* TASK OBJECTIVE: All lines from the one containing "IMPULSE Predator has" through the end of the data below are to be repeated exactly, with pictures left out.

* DATASET SECTION:
———

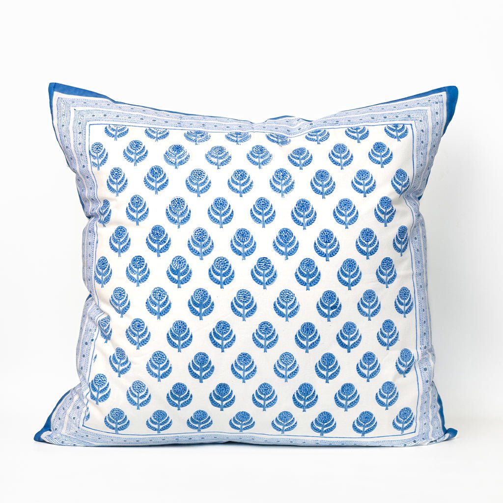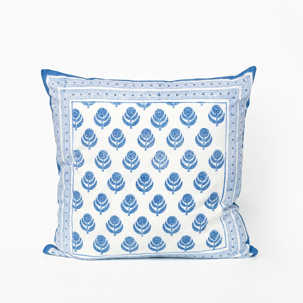 The Pinot Pillow Cover brings effortless elegance to any room with its refreshing blue floral motif, originally hand-painted and then hand-block printed by artisans. Crafted from soft cotton, each pillow cover showcases intricate detailing and a crisp border that enhances its refined, globally inspired style. Available in multiple sizes for easy layering—from sofas and reading chairs to outdoor seating and bedroom ensembles. Mix and match for a perfectly styled, artisan-crafted look.
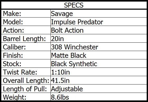IMPULSE Predator has the speed needed for effective predator hunting. The American made IMPULSE Predator combines legendary Savage accuracy with the lightning-fast speed of a straight-pull action to create a rifle capable of making follow-up shots. Nothing's better for hunting carnivores that travel in packs. For long-range accuracy and quick shots when the moment is right, IMPULSE Predator delivers.
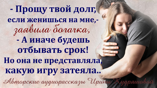 - Прощу твой долг, если женишься на мне, - заявила богачка, -А иначе будешь срок отбывать!

———

* EXERCISE OUTPUT:
IMPULSE Predator has the speed needed for effective predator hunting. The American made IMPULSE Predator combines legendary Savage accuracy with the lightning-fast speed of a straight-pull action to create a rifle capable of making follow-up shots. Nothing's better for hunting carnivores that travel in packs. For long-range accuracy and quick shots when the moment is right, IMPULSE Predator delivers.
 - Прощу твой долг, если женишься на мне, - заявила богачка, -А иначе будешь срок отбывать!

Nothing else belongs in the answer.